Most of us know Tony Hsieh for his groundbreaking company, Zappos. And, we all received the news in Nov. 2020 of his sudden passing, right before his 48th birthday. Though, it came as a shock to everyone that he passed without an estate plan of any kind.
A life well lived
For aspiring business owners and C-level executives, Mr. Hsieh’s life is one to emulate. He reinvented being an employee- and customer-centric company. The goal was to delight everyone that was a part of the company and be the best customer service experience a customer had ever had. Indeed, in many of his interviews, he would talk about his company not a shoe company, but a customer service company. This happy customer and happy employee mentality skyrocketed Zappos into an internet behemoth that was acquired by Amazon because it could not compete with Mr. Hsieh’s business model.
No estate plan
Mr. Hsieh’s estate is estimated to be well over $500 million with interest in multiple companies and other business endeavors, properties, warehouses, real estate, cash, stocks, etc. Though, without an estate plan, all of this wealth must go through the probate process, and endure years, if not decades of litigation over what other perceive they were owed by the late business leader.
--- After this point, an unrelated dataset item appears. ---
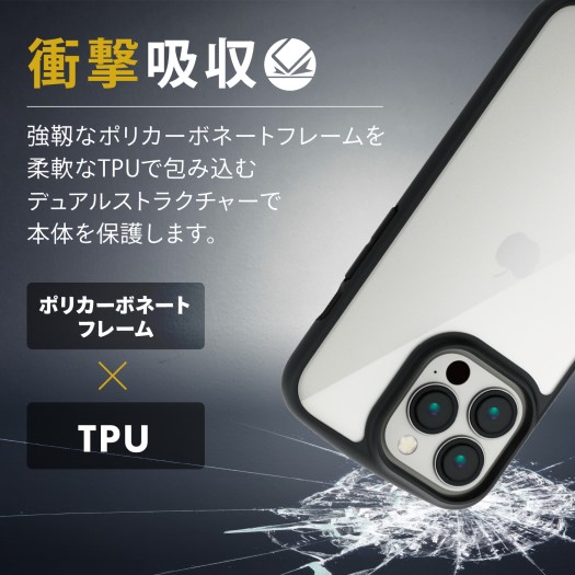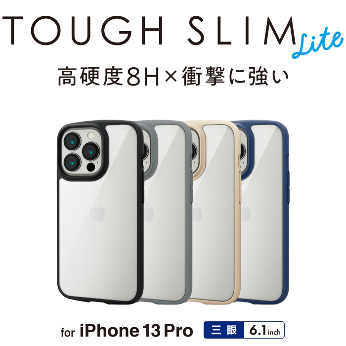 全周に配置した独自設計のエアクッションが衝撃を吸収し、背面には高硬度8Hの特殊樹脂を採用した、iPhone 13 Pro用TOUGH SLIM LITEケースです。

Since there was not an estate plan, the probate judge left the administration to Mr. Hsieh’s brother and father. This means they are responsible for settling the estate. The way an estate is settled, all debts must be accounted for and extinguished, and then the remaining estate paid out to all legal heirs. This can be a Herculean endeavor for a normal estate, but for one valued over $500 million, his family will likely be fighting in probate court for years.
The family is currently battling at least 10 individuals and corporations in several proceedings. These cases alone represent nearly 25% of the estate at $130 million. There is even a $30 million lawsuit over a handwritten post-it note employment “contract.”
Dying without an estate plan
If there is anything our Decatur, Texas, readers can learn from what the Hsieh family is now enduring, it is that no one should die without an estate plan, especially those with sizable estates. No one want to leave years, or decades of heartache and work for their family, especially when the estate is large enough to create generational wealth.